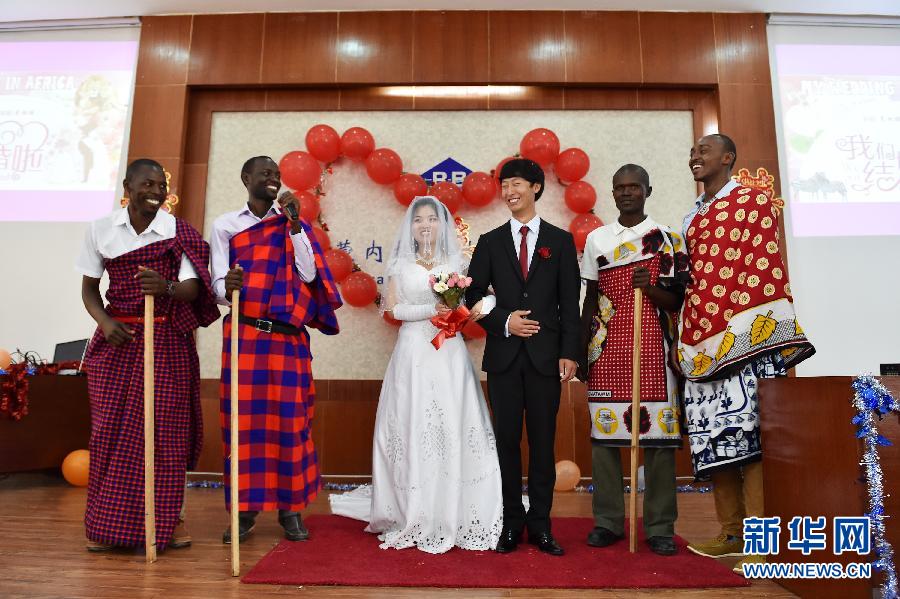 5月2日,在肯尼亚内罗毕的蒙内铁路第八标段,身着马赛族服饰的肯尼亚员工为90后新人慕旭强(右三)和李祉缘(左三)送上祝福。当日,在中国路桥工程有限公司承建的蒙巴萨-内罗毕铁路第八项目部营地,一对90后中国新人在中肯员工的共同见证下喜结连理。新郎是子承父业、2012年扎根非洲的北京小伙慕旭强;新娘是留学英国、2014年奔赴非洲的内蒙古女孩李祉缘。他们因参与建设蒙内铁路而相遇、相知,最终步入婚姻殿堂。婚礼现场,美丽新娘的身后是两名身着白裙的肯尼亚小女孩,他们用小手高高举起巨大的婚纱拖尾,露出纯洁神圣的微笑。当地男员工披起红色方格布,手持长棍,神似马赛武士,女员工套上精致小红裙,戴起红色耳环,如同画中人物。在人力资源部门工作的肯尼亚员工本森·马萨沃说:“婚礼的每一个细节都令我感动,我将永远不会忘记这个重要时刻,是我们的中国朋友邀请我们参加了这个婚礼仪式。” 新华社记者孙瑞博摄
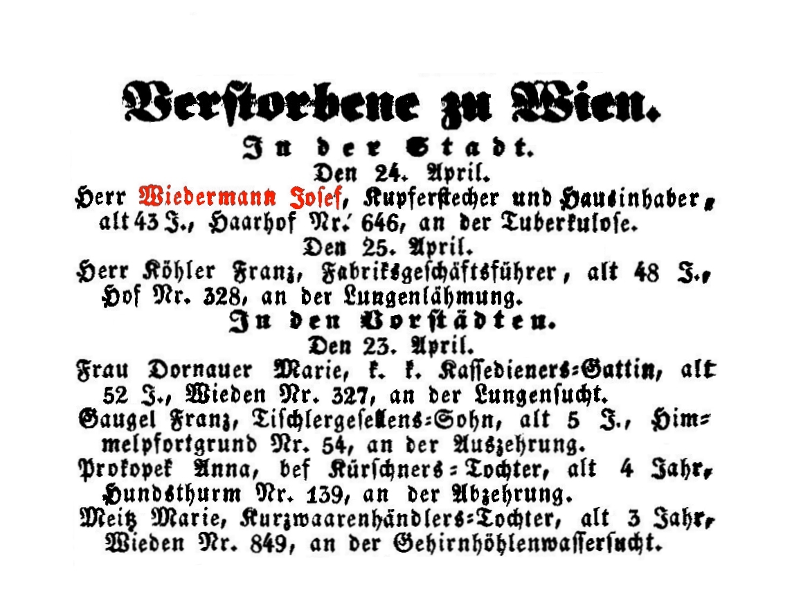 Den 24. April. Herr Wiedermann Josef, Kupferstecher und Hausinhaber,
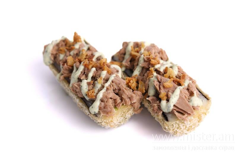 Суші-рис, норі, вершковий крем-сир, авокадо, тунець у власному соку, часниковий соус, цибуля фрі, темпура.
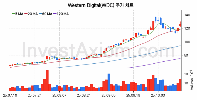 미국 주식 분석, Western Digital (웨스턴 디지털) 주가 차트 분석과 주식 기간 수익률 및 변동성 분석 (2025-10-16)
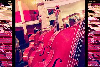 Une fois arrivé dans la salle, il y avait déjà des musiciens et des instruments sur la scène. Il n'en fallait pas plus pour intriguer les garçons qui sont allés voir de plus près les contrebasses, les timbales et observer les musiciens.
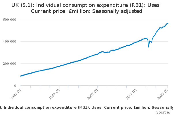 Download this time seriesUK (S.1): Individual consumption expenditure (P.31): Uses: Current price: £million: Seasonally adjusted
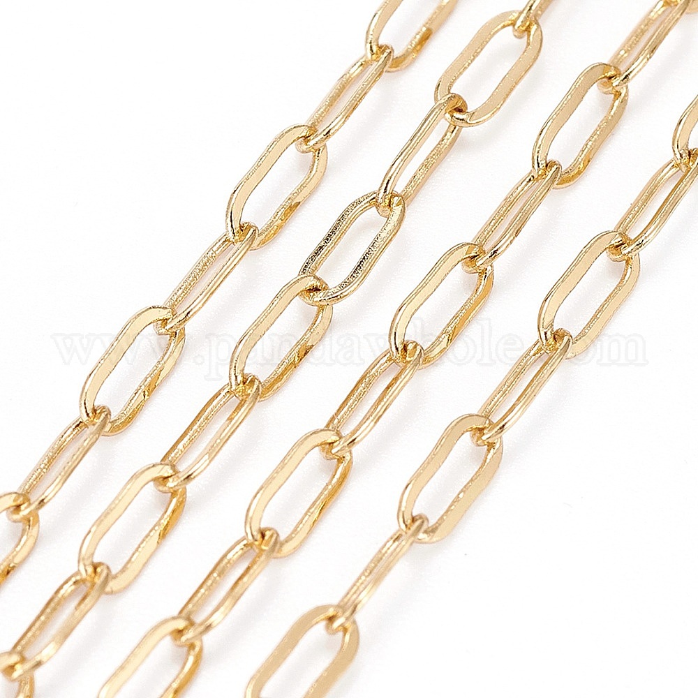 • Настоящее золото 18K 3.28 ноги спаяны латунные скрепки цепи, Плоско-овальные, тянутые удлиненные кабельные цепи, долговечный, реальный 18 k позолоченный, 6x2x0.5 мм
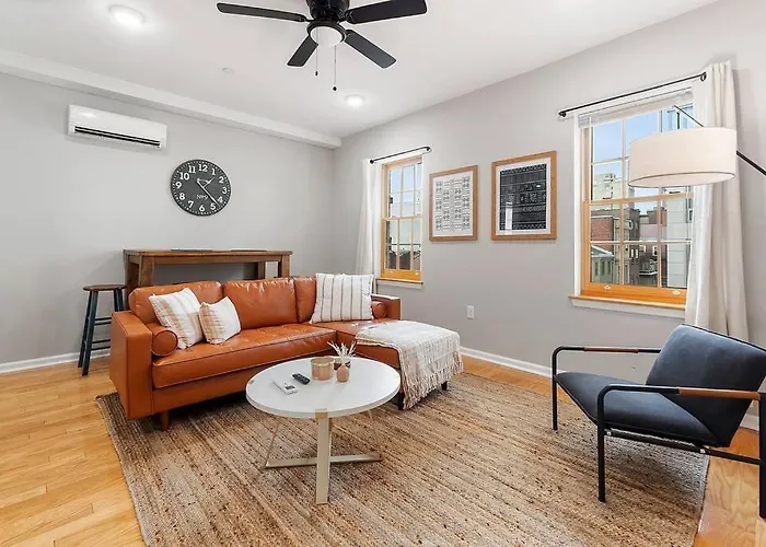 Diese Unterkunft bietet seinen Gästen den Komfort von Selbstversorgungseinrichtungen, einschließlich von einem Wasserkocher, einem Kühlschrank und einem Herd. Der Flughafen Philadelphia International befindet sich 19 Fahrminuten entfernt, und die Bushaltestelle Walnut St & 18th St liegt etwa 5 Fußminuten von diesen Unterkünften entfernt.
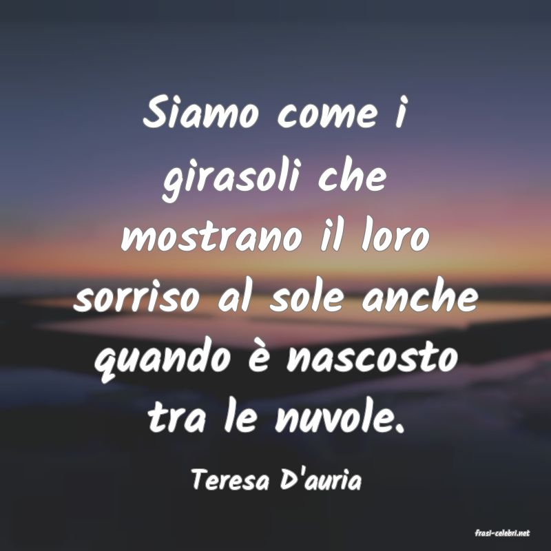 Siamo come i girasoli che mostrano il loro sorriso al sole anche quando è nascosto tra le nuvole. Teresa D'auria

#####

Task to complete
Only one part of the material above is wanted: the lines from the one with "Download this time" up to and including the one with "позолоченный, 6x2x0.5 мм". Please copy them exactly, pictures left out.

Exercise result
 Download this time seriesUK (S.1): Individual consumption expenditure (P.31): Uses: Current price: £million: Seasonally adjusted
 • Настоящее золото 18K 3.28 ноги спаяны латунные скрепки цепи, Плоско-овальные, тянутые удлиненные кабельные цепи, долговечный, реальный 18 k позолоченный, 6x2x0.5 мм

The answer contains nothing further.